The Founders cared about making sure everyone’s rights were protected; that’s reflected, for example, in the division of Congress into two houses, chosen in different ways and balancing priorities–the Senate to represent states equally, and the House to represent people based on population.

The Electoral College does the same job. It gives everyone, everywhere, a fighting chance of having their voice heard. Without it–if our elections were purely popular–we would have merely mob rule. Really.

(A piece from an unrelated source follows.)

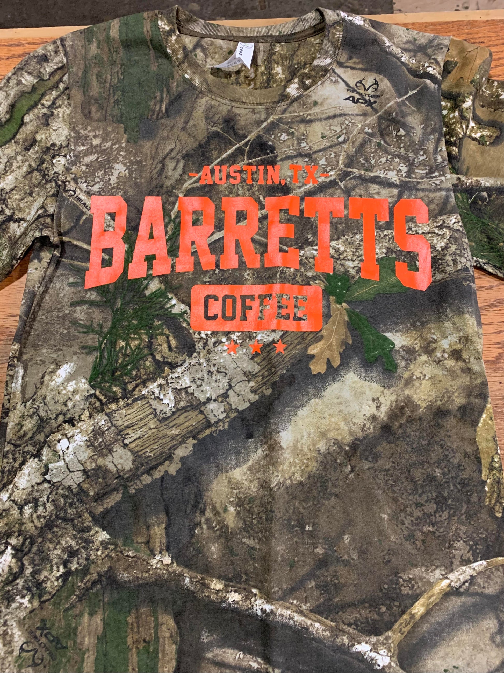 Realtree Camo shirt with hunter orange lettering.

The few dozen largest cities in America have large enough populations that the rest of the country would be completely disenfranchised by their ideologically monotonous monopoly. The Electoral College ensures that nobody is simply a serf serving the giant cultural centers. Look at the red and blue election map in this post, breaking down the country by county. See all those red areas? With no electoral college, they would be forever locked out of public life. Is that what you want?

Compare this to the Hunger Games trilogy. The books never give exact populations for the districts, but clearly the Capitol has far more people–and money–than any other location. In fact, with districts spread out in area and population, the Capitol might have more people than the districts put together.

So the districts serve the Capitol, which keeps them in check by force. Might makes right.

Trying to ban the electoral college is akin to trying to chain up all but those who live in a coastal metropolis, so those redneck rural rubes can forever enable the wealth of the elites. The Electoral College does exactly what the Founders wanted it to do, something liberals should love–it protects the dignity of minority populations.